Deep Fuck Records / Someone told me not to cry.

Fiktives Cover: Ludmilla und Bernhardt („Interdisziplinär“) © Kai von Kröcher, 2020/2021

 

Wie soll ich dir das beschreiben, ich kann nicht tanzen, ich warte nur. +++ Die Idee mit den Covern ist sicher nicht neu. Wie eine Nacht sich im Kaufhaus einschließen lassen – die sind ja zurzeit eh alle dicht. +++ Ludmilla und Bernhardt – ein Duo aus Bregenz/Vorarlberg. Ludmilla war bis Corona längere Jahre in einer Beziehung mit Diether Nur, nicht zu verwechseln mit dem Satiriker. Bernhardt ist dabei der Nachname des Keyboarders und Drummers Lutz Bernhardt. +++ Mein Sohn schnappt jetzt neuerdings Wörter aus dem Radio auf. Vor Weihnachten sprach er plötzlich „Weihnachtsmann“ aus einer Discounter-Werbung nach und strahlte übers ganze Gesicht. Gestern sagte er, während er spielte: „Ich warte nur“ – eine Zeile von Thomas Brasch aus dem Song Geister von Masha Qrella. +++ Die Platte (oben) hätte, wenn man’s sich jetzt mal kurz überlegt: So hätte die Platte nämlich genauso gut heißen können: „Ich warte nu(h)r, Dieter“ – das wäre ein kryptischer Name gewesen, auf die Verkaufszahlen gezielt. +++ Oder „Deep Fuck“, das Cover zeigt ein Hochhausghetto, über das man in Wuhan sicherlich schmunzeln würde: Zu sehen ist die Weiße Siedlung (Neukölln) am Silvesternachmittag vergangenen Jahres – der Fotograf mit der S-Bahn ohne Ziel unterwegs zum Einkaufszentrum Berlin-Schöneweide, im Volksmund nicht zu unrecht „Schweineöde“ genannt.

 

Überschrift inspired by: Fiktive Platten © Kai von Kröcher, 2021

Überschrift also inspired by: Wake Up © Arkade Fire, 2005

Lyrics: Geister © Masha Qrella, 2020 (Text: Thomas Brasch/Suhrkamp)

Fies on Earth (pa-rum-pum-pum-pum) / die Vergeltung klingelt in Gestalt eines Amazon-Zustellers.

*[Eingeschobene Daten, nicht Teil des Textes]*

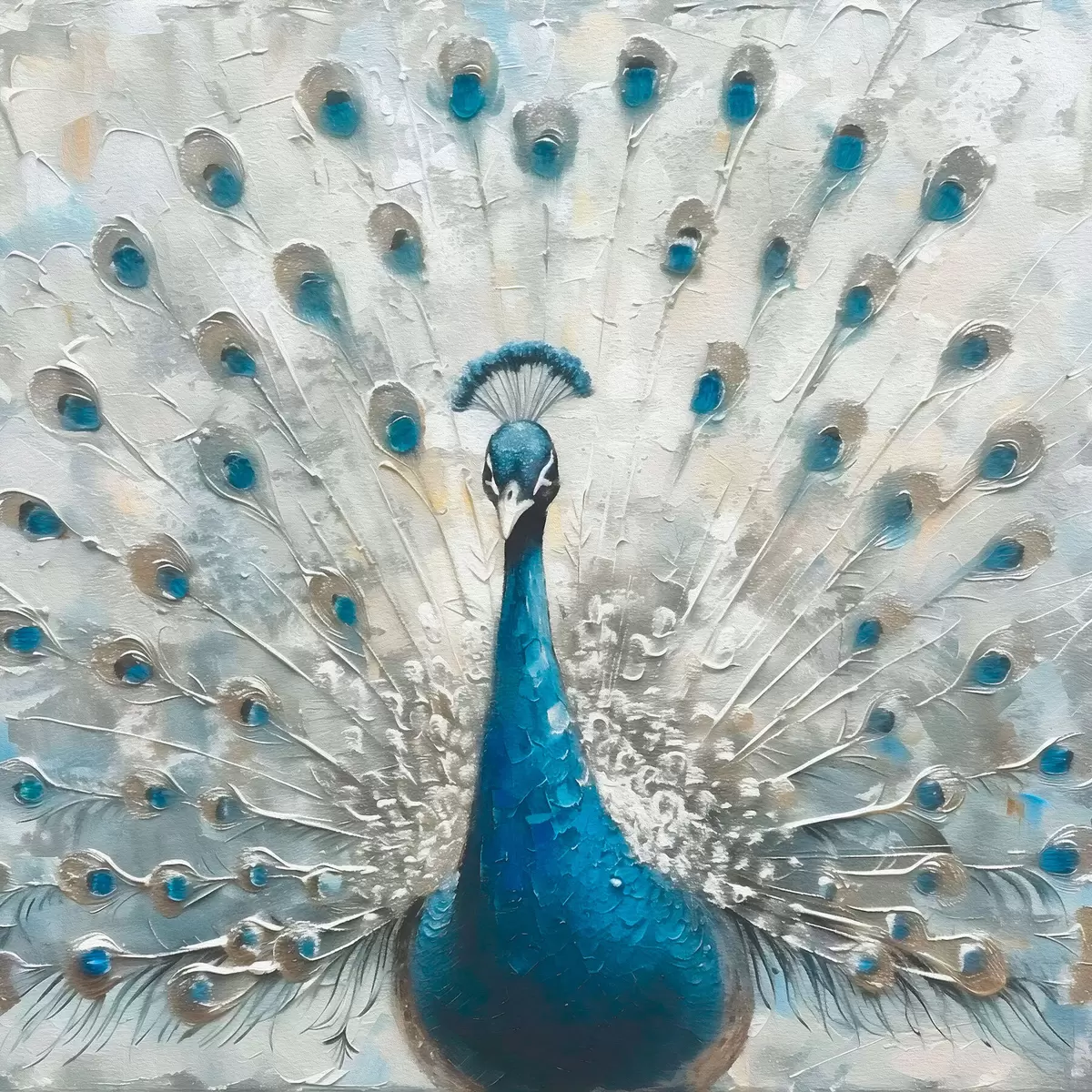Quadri Uccello pavone blu con texture stampata piume Nr s38931

Melanchthongemeinde: Der evangelische Pastor, der in den Tannenbaum stieg und verschwand © Kai von Kröcher, 2019

 

Ooh wa ooh wa ooh wa ooh wa ooh. +++ »Oder, anders gefragt: Hat Ihr Großvater Feinde?« Die fiktive Vernehmung meines hervorragenden Sohns Otto durch den erdachten Ermittler einer eingebildeten Sonderkommission ›Günter Grass‹ am diesjährigen Heiligen Abend geriet unmissverständlich ins Stocken: »Wenn wir hier von meinem Va…ter reden – natürlich hat er überall Feinde, ich verstehe die Frage nicht. Suchen Sie in den Lagern der bürgerlichen Parteien und derer am äußeren rechten Rand. Dringen Sie ein in das Dickicht der Lobbyistenverbände, gehen Sie in den Schrebergarten der Höckes. Stellen Sie unserem Scheuer-Andi entlarvende Fragen, trinken Sie Wein mit der pfälzischen Weinkönigin, fahren Sie nach Gelsenkirchen und bohren Sie nach im Fall Tönnies!« +++ Was war am Heiligen Abend geschehen? +++ Okay. +++ Am Heiligen Abend hatte ich gegen Mittag mit Otto und Kinderwagen das Haus über die Hintertüre verlassen und schnell noch zum Einkauf am Kottbusser Tor hinauf- oder hinunterschieben wollen. Einkaufen am Heiligen Abend ist ein unübertroffen entspanntes Erlebnis – als Hiergebliebener darf man seinen Makel als Zugezogener über die Weihnachtstage beinahe. Hm. Um die Geschichte hier jedenfalls abzukürzen: Irgendjemand hatte uns anonym ein Päckchen geschickt – von Amazon als Geschenk eingepackt, ohne Absender. Nachmittags gingen wir in das Krippenspiel der Melanchthongemeinde am Planufer, eine schöne Kirche der Nachkriegsjahre (Foto). +++ Bleiben Sie eingeschaltet, die Geschichte nimmt nach und nach Fahrt auf! +++ Ottos Mama jedenfalls hatte festlich gekocht, danach war Bescherung. Erwachsene bekommen bei solcher Gelegenheit gern feuchte Augen, Kinder himself sind da zielorientierter. Diese Art der Geschenkeverschickung durch den Internetanbieter Amazon übrigens hatte ich bis dahin nicht gekannt, diesmal allerdings waren für Otto in dieser Form gleich zwei optisch identische Päckchen gekommen: Eines von meinem ältesten Freund, von dem war ein Gruß drin. Im zweiten Paket eine Blechtrommel, anonym, dazu nur der diabolische Satz: »Enjoy your Gift!« +++ Ich weiß: man nennt das Situationskomik, das lässt sich nicht witzig nacherzählen. +++ Wer auch immer uns das aber angetan hat, man muss doch dazusagen: Otto hat mit Hingabe begeistert auf dieser Trommel gespielt, bis wir sie ihm nach drei Minuten entgeistert entrissen… +++ Fürs neue Jahr verspreche ich Ihnen keine trübsinnigen Herbstfotos mehr – und eine Verrohung der Sprache.

 

Überschrift inspired by: Peace on Earth/Little Drummer Boy © David Bowie & Bing Crosby, 1977

Überschrift also inspired by: Die Vergeltung (Ballade) © Annette von Droste-Hülshoff, ca. 1840

Lyrics: Who Are You © The Who, 1978

Melanchthonkirche (erbaut 1954/55), Planufer 83 | 10967 Berlin

Mein Kind schlägt mich / Herbstfotografien mit dem Dieter Nuhr der Fotografie.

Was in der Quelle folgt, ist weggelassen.